1. ## Trig Limits

Hi
I'm having serious trouble with trig limits and I'm wondering if anyone could explain it to me in simple terms as I don't really understand the textbook I have. Any help would be greatly appreciated.

For example in my textbook there is an example however I don't understand it. Could any help and just talk us through it?
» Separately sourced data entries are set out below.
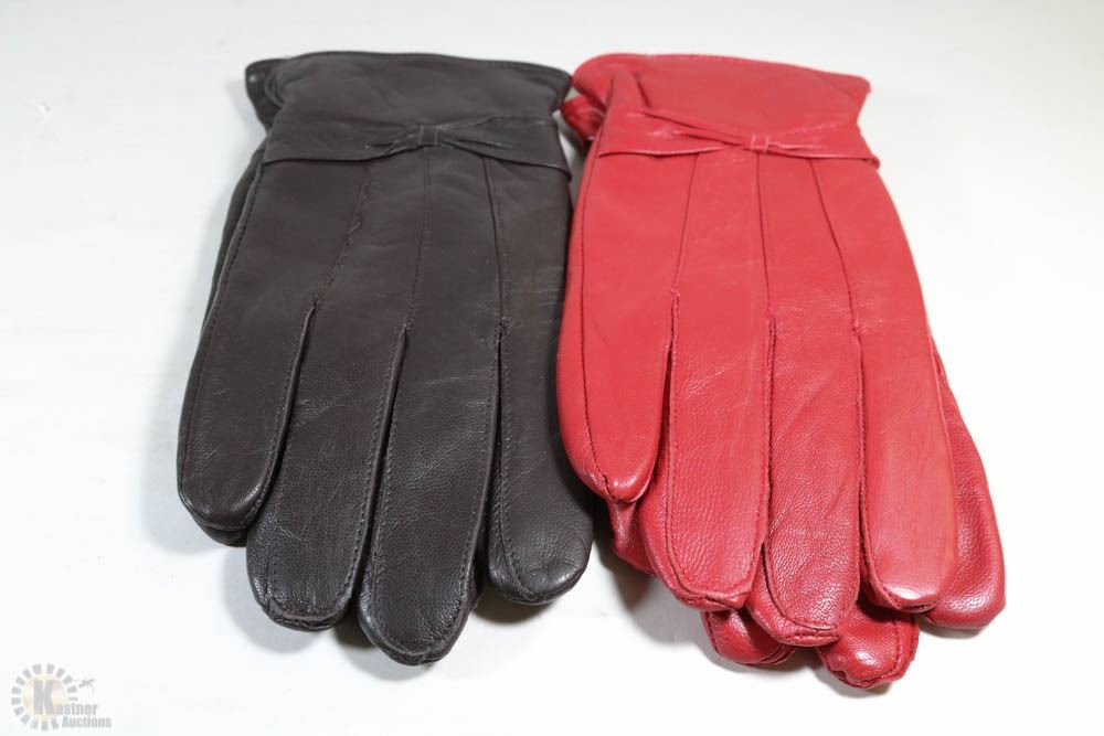 2 PAIRS OF LADIES LEATHER GLOVES SIZE LARGE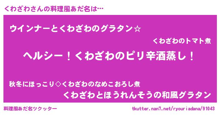 | 男性向けラノベタイトル風あだ名 | 『Re:くわざわから始める異世界生活』 |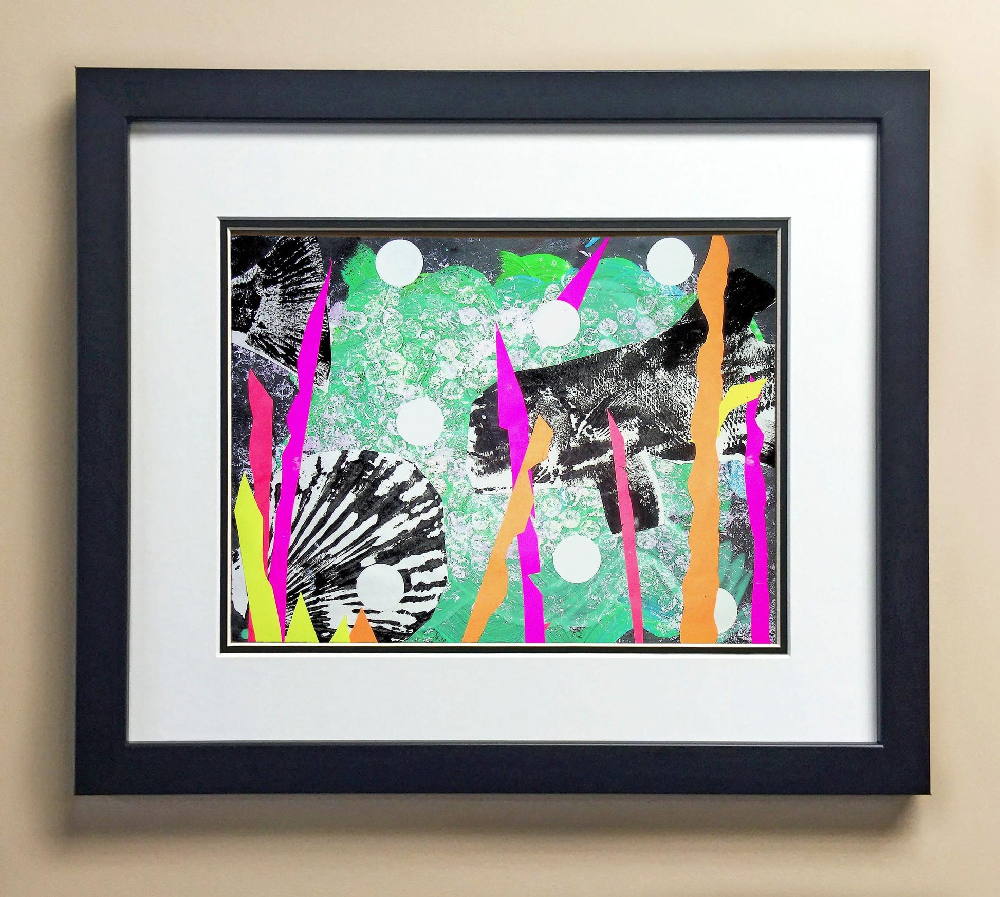 Included with the purchase is the Students Artwork, Frame, double matboard, shatter proof plexiglass, and a ready to hang backerboard with turnbuttons

lim x approaches 0 (1 - cos x)/x = lim x app 0 ((1 - cos x) / x (1 + cos x)/ 1 + cos x)
I don't understand where the 1 + cos x divided by x came from
then it goes on
= 1 - cos^2 x / x(1 + cos x)
= sin^2 x/ x (1 + cos x)
= (sin x/x * sinx x /(1 + cos x))
= sinx x * lim x app 0 sin x/(1 + cos x)
= 1 * sin 0/1 + cos 0
= 0

I can't follow it through so if anyone can explain the steps and tell me how you get that it would ease my troubles. Thanks.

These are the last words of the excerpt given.